── Record set ──
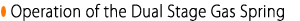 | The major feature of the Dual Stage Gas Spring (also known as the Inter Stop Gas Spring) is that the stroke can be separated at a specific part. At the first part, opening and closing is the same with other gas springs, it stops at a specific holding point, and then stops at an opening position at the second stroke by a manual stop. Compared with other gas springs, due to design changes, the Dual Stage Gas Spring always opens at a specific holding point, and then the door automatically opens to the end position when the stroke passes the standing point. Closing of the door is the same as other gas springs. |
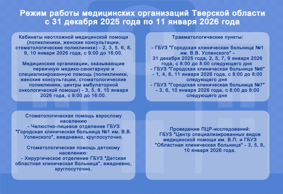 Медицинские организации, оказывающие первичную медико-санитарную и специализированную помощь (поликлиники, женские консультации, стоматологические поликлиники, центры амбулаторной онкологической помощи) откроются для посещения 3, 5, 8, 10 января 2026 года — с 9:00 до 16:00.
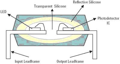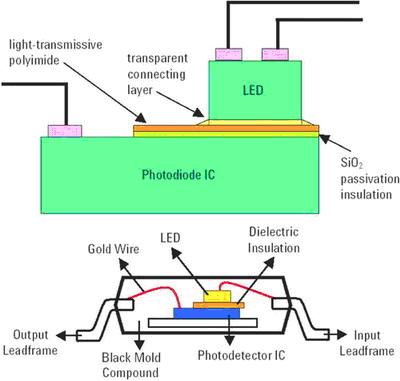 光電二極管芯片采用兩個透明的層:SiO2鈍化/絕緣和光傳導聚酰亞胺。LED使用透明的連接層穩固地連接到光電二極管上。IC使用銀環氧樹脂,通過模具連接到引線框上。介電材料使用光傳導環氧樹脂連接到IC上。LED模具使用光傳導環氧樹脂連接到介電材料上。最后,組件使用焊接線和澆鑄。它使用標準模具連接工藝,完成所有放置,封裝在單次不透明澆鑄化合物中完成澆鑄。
───
── Record set ──
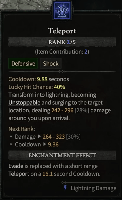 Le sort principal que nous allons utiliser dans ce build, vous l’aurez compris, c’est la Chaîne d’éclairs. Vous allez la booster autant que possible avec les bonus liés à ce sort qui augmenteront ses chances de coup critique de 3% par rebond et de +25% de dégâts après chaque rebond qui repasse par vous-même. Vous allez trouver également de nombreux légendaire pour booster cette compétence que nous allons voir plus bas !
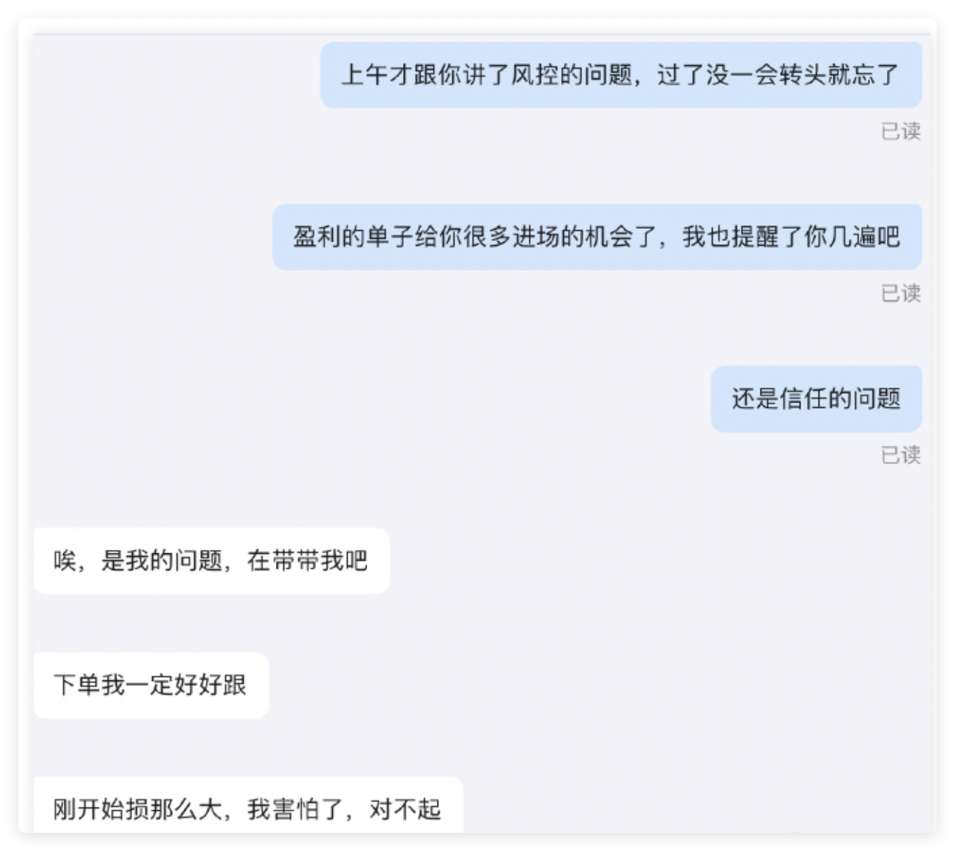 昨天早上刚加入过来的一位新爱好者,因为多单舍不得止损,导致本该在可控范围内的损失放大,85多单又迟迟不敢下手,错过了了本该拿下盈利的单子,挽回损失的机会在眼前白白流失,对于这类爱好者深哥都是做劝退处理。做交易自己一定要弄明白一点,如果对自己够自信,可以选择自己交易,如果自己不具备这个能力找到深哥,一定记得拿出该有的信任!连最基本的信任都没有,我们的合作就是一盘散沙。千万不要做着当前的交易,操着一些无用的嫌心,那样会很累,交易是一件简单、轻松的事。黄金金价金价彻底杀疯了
───
── Record set ──
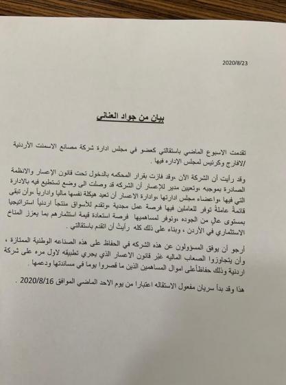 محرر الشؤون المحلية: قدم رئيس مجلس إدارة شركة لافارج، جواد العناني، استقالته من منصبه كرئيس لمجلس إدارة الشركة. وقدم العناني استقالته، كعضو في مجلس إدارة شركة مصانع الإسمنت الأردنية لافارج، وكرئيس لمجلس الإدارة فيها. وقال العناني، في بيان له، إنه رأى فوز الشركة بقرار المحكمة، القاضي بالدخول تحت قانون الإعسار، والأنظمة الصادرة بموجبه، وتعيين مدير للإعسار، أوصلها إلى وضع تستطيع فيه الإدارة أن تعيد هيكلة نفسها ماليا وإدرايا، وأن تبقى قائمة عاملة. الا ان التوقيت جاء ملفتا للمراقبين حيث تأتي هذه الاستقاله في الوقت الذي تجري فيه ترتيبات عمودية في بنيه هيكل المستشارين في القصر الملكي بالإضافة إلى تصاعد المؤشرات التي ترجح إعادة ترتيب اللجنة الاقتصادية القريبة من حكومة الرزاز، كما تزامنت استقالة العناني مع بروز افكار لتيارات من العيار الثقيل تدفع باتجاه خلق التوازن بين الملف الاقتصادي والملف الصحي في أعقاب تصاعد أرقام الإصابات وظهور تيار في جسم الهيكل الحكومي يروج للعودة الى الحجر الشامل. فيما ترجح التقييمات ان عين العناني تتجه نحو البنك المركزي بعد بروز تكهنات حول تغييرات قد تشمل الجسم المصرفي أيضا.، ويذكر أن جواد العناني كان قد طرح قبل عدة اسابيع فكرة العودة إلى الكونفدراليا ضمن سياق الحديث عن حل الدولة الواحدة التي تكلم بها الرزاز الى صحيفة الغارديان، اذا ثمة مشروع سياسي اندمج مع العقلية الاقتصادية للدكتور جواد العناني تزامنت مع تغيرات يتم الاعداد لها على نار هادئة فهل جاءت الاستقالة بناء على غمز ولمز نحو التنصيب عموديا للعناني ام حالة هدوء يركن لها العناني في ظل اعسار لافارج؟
───
** Work order **
All that is wanted is the lines above between the one containing "gas springs. |" and the one containing "光電二極管芯片采用兩個透明的", inclusive, restated word for word, with pictures omitted.

** Task response **
 | The major feature of the Dual Stage Gas Spring (also known as the Inter Stop Gas Spring) is that the stroke can be separated at a specific part. At the first part, opening and closing is the same with other gas springs, it stops at a specific holding point, and then stops at an opening position at the second stroke by a manual stop. Compared with other gas springs, due to design changes, the Dual Stage Gas Spring always opens at a specific holding point, and then the door automatically opens to the end position when the stroke passes the standing point. Closing of the door is the same as other gas springs. |
 Медицинские организации, оказывающие первичную медико-санитарную и специализированную помощь (поликлиники, женские консультации, стоматологические поликлиники, центры амбулаторной онкологической помощи) откроются для посещения 3, 5, 8, 10 января 2026 года — с 9:00 до 16:00.
 光電二極管芯片采用兩個透明的層:SiO2鈍化/絕緣和光傳導聚酰亞胺。LED使用透明的連接層穩固地連接到光電二極管上。IC使用銀環氧樹脂,通過模具連接到引線框上。介電材料使用光傳導環氧樹脂連接到IC上。LED模具使用光傳導環氧樹脂連接到介電材料上。最后,組件使用焊接線和澆鑄。它使用標準模具連接工藝,完成所有放置,封裝在單次不透明澆鑄化合物中完成澆鑄。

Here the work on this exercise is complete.